Revision history for this message
Paride Legovini (paride) wrote :

I also happened to notice:

474s ++ jq -r '.[0].text'
475s jq: parse error: Invalid numeric literal at line 1, column 7

which is maybe a side effect of the crash?

Revision history for this message
Andreas Hasenack (ahasenack) wrote :

> which is maybe a side effect of the crash?

Yeah, it's what I thought, who knows what jq got in stdin.

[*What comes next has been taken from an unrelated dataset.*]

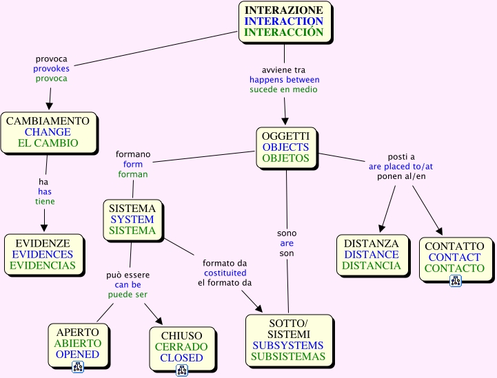sistema, CAMBIAMENTO CHANGE EL CAMBIO ha has tiene EVIDENZE EVIDENCES EVIDENCIAS, OGGETTI OBJECTS OBJETOS posti a are placed to/at ponen al/en CONTATTO CONTACT CONTACTO, SISTEMA SYSTEM SISTEMA formato da costituited el formato da SOTTO/ SISTEMI SUBSYSTEMS SUBSISTEMAS, SISTEMA SYSTEM SISTEMA può essere can be puede ser APERTO ABIERTO OPENED, INTERAZIONE INTERACTION INTERACCIÓN avviene tra happens between sucede en medio OGGETTI OBJECTS OBJETOS, OGGETTI OBJECTS OBJETOS sono are son SOTTO/ SISTEMI SUBSYSTEMS SUBSISTEMAS, OGGETTI OBJECTS OBJETOS formano form forman SISTEMA SYSTEM SISTEMA, OGGETTI OBJECTS OBJETOS posti a are placed to/at ponen al/en DISTANZA DISTANCE DISTANCIA, INTERAZIONE INTERACTION INTERACCIÓN provoca provokes provoca CAMBIAMENTO CHANGE EL CAMBIO, SISTEMA SYSTEM SISTEMA può essere can be puede ser CHIUSO CERRADO CLOSED

Revision history for this message
Andreas Hasenack (ahasenack) wrote :

We were able to reproduce this with the -2 build, but not the -1 one. A simple "dpkg-reconfigure kea-ctrl-agent" on ppc64el crashes with a segfault:

[Fri Mar 1 13:34:41 2024] kea-ctrl-agent[6366]: segfault (11) at 0 nip 63821b5fbafc lr 63821b5fbad8 code 1 in libkea-asiolink.so.56.0.0[63821b5d0000+70000]
[Fri Mar 1 13:34:41 2024] kea-ctrl-agent[6366]: code: ebd40030 38628460 4bff064d 60000000 e9230000 4800001c 60000000 60000000
[Fri Mar 1 13:34:41 2024] kea-ctrl-agent[6366]: code: 60000000 e9290010 2c290000 41820014 <e9490000> 7c3e5000 4082ffec e9290008

Revision history for this message
Andreas Hasenack (ahasenack) wrote :

The other daemons are also crashin, and it's on shutdown. Either via systemctl stop, or even starting them in the foreground and just hitting ctrl-c, they segfault.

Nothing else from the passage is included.